Hi Christopher,
I think the root error message here is that the server got a "no such
file or directory" error while it was trying to write data. From there
it cancelled its current I/O operation, which in turn made the client
time out, which probably reset communication and caused the broken pipe
messages.
Do you know what sort of workload was occurring when this happened? Is
it possible that a file was deleted while a process was still writing to it?
The dns round-robin should work just fine for your fstab.
thanks,
-Phil
On 11/03/2010 12:27 PM, Christopher Coffey wrote:
Hello,
I'm concerned with some errors I'm seeing in the logs on one of our
storage nodes and one client node. This is on a freshly built pvfs2 fs.
[D 11/02 11:39] PVFS2 Server version 2.8.2 starting.

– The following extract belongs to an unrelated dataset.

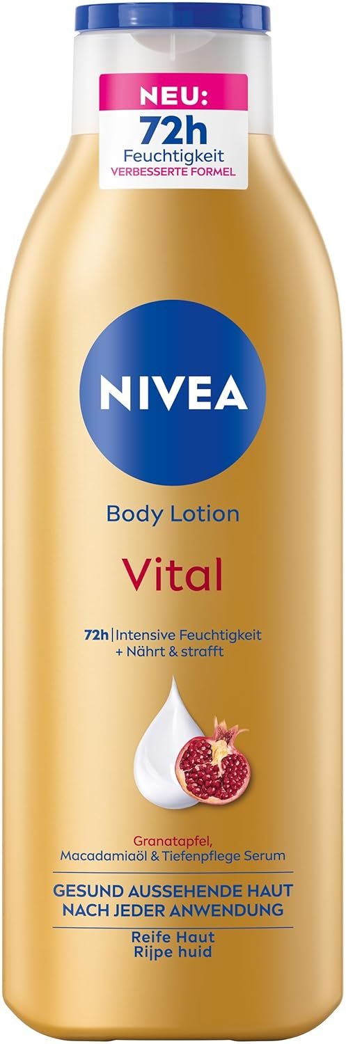 NIVEA Body Lotion Vital, Nourishing Body Cream for Mature Skin with Pomegranate, Macadamia Oil & NIVEA Deep Care Serum, Skin Cream for 72 Hours of Intensive Moisture (250 ml)

[E 11/02 14:53] trove_write_callback_fn: I/O error occurred
[E 11/02 14:53] handle_io_error: flow proto error cleanup started on
0x5535420: No such file or directory
[E 11/02 14:53] handle_io_error: flow proto 0x5535420 canceled 0
operations, will clean up.
[E 11/02 14:53] handle_io_error: flow proto 0x5535420 error cleanup
finished: No such file or directory
[E 11/02 14:58] trove_read_callback_fn: I/O error occurred
[E 11/02 14:58] handle_io_error: flow proto error cleanup started on
0x55b6330: Broken pipe
[E 11/02 14:58] handle_io_error: flow proto 0x55b6330 canceled 0
operations, will clean up.
[E 11/02 14:58] handle_io_error: flow proto 0x55b6330 error cleanup
finished: Broken pipe
[E 11:43:15.488743] PVFS Client Daemon Started. Version 2.8.2
[D 11:43:15.488941] [INFO]: Mapping pointer 0x2abd7a0cc000 for I/O.

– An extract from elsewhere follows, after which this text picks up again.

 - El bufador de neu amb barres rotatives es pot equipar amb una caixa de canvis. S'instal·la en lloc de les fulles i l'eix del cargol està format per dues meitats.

[D 11:43:15.495858] [INFO]: Mapping pointer 0x7878000 for I/O.
[E 14:58:10.085848] job_time_mgr_expire: job time out: cancelling bmi
operation, job_id: 59797618.
[E 14:58:10.085938] bmi_to_mem_callback_fn: I/O error occurred
[E 14:58:10.085949] handle_io_error: flow proto error cleanup started
on 0x883d528: Operation cancelled (possibly due to timeout)
[E 14:58:10.085956] handle_io_error: flow proto 0x883d528 canceled 0
operations, will clean up.
[E 14:58:10.085963] handle_io_error: flow proto 0x883d528 error
cleanup finished: Operation cancelled (possibly due to timeout)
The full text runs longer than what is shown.